_Aim of the exercise_
With pictures left out, extract every line between the start of the records below and the line holding "To add a guard expression to a", inclusive.
═════ Input for this task ═════
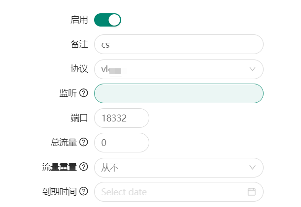 协议就是Vles,备注最好加一个,后期添加多线路容易区分,端口自定义。
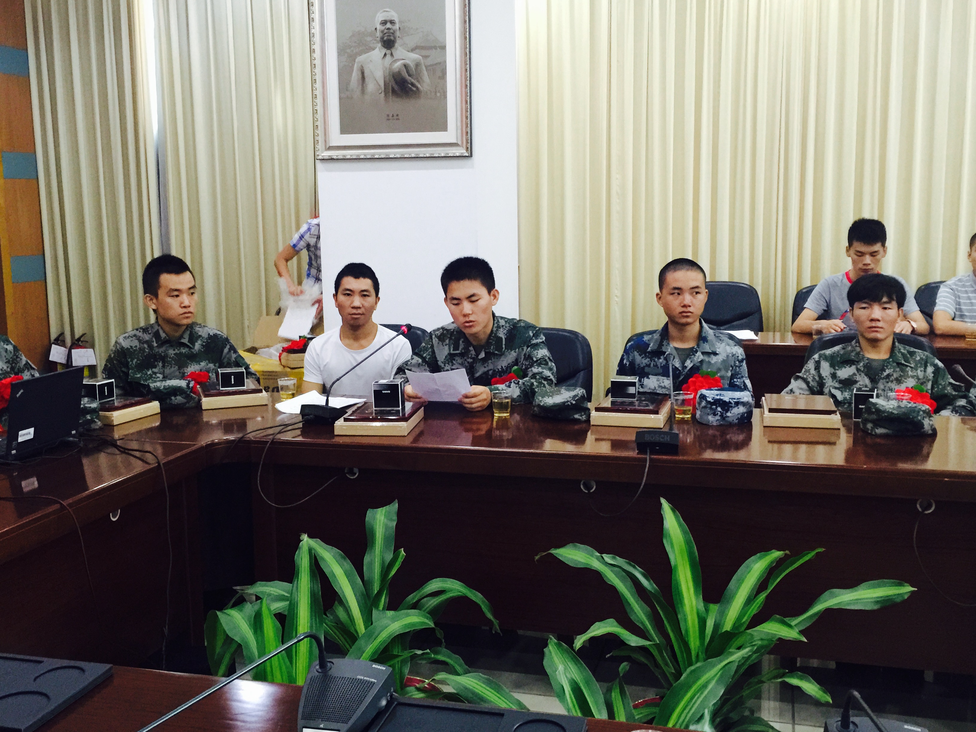 会上,我院2015级本科生王中华作为新兵代表发言。王中华同学说:“厦门大学教授邹振东说:即使你的一生中有一百次随波逐流,但你是否可以保留人生的1%的空间,有时候可以不去随波逐流。1%理论实际上是妥协中的不妥协。小时候读唐诗就有男儿何不带吴钩,收取关山五十州的诗句,虽然不是因此而去当兵,但至少是受到一些影响的。1%的不随波逐流也好,收取关山五十州也好,都让我对穿上军装有了新的定义,不能说自己这样做是正确的而其他人是错误的,至少这一次是我们自己的选择,无怨无悔,别无所求。”说出了24名厦大新兵们的共同信念。
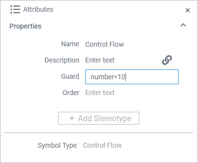 To add a guard expression to a control flow proceed as follows. Select the control flow you want to add a guard expression to from the activity diagram and open the Attributes panel:
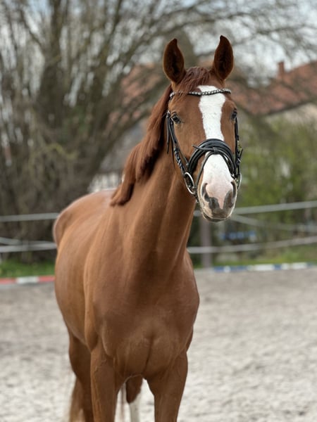 Bezpośrednio od hodowcy, z pierwszej ręki – aktualnie w naszej przygotowalni do jazdy. Młoda klaczka z dużymi partiami, długonoga, poprawna, z trzema bardzo dobrymi gniazdami, oferuje wszystko, aby stać się obiecującym koniem do jazdy i ujeżdżenia. Wyjątkowy charakter, przywiązana, chętna do pracy, odważna. Również interesująca z punktu widzenia przyszłej hodowli. Matka StPrSt, pierwsza klasa dekorowana na wystawie Herwart v.d. Decken, sama odnosząca sukcesy w hodowli. Babcia StPrSt, reserve w konkursach ujeżdżenia. Trzecia matka (Londonderry) wyprodukowała konia S* i 4*S – międzynarodowa klacz Grand Prix, m.in. z tego pokolenia.
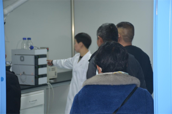 接下來歐美華團(tuán)隊(duì)參觀了公司廠區(qū)、新GMP車間、化驗(yàn)室和研發(fā)中心。公司質(zhì)控部經(jīng)理庚承芳向大家介紹了產(chǎn)品生產(chǎn)的各個(gè)環(huán)節(jié),從設(shè)備功能、生產(chǎn)工藝、環(huán)境要求等多方面向大家進(jìn)行了詳細(xì)的講解。在新GMP車間,歐美華團(tuán)隊(duì)現(xiàn)場觀摩了產(chǎn)品的生產(chǎn)過程,對潔凈的車間環(huán)境、高效的生產(chǎn)過程、嚴(yán)格的質(zhì)量把控等印象深刻、連連稱贊。在化驗(yàn)室和研發(fā)中心,歐美華團(tuán)隊(duì)對公司雄厚的的技術(shù)研發(fā)力量和先進(jìn)的實(shí)驗(yàn)設(shè)備贊嘆不已。
═════
_Solution to the exercise_
 协议就是Vles,备注最好加一个,后期添加多线路容易区分,端口自定义。
 会上,我院2015级本科生王中华作为新兵代表发言。王中华同学说:“厦门大学教授邹振东说:即使你的一生中有一百次随波逐流,但你是否可以保留人生的1%的空间,有时候可以不去随波逐流。1%理论实际上是妥协中的不妥协。小时候读唐诗就有男儿何不带吴钩,收取关山五十州的诗句,虽然不是因此而去当兵,但至少是受到一些影响的。1%的不随波逐流也好,收取关山五十州也好,都让我对穿上军装有了新的定义,不能说自己这样做是正确的而其他人是错误的,至少这一次是我们自己的选择,无怨无悔,别无所求。”说出了24名厦大新兵们的共同信念。
 To add a guard expression to a control flow proceed as follows. Select the control flow you want to add a guard expression to from the activity diagram and open the Attributes panel:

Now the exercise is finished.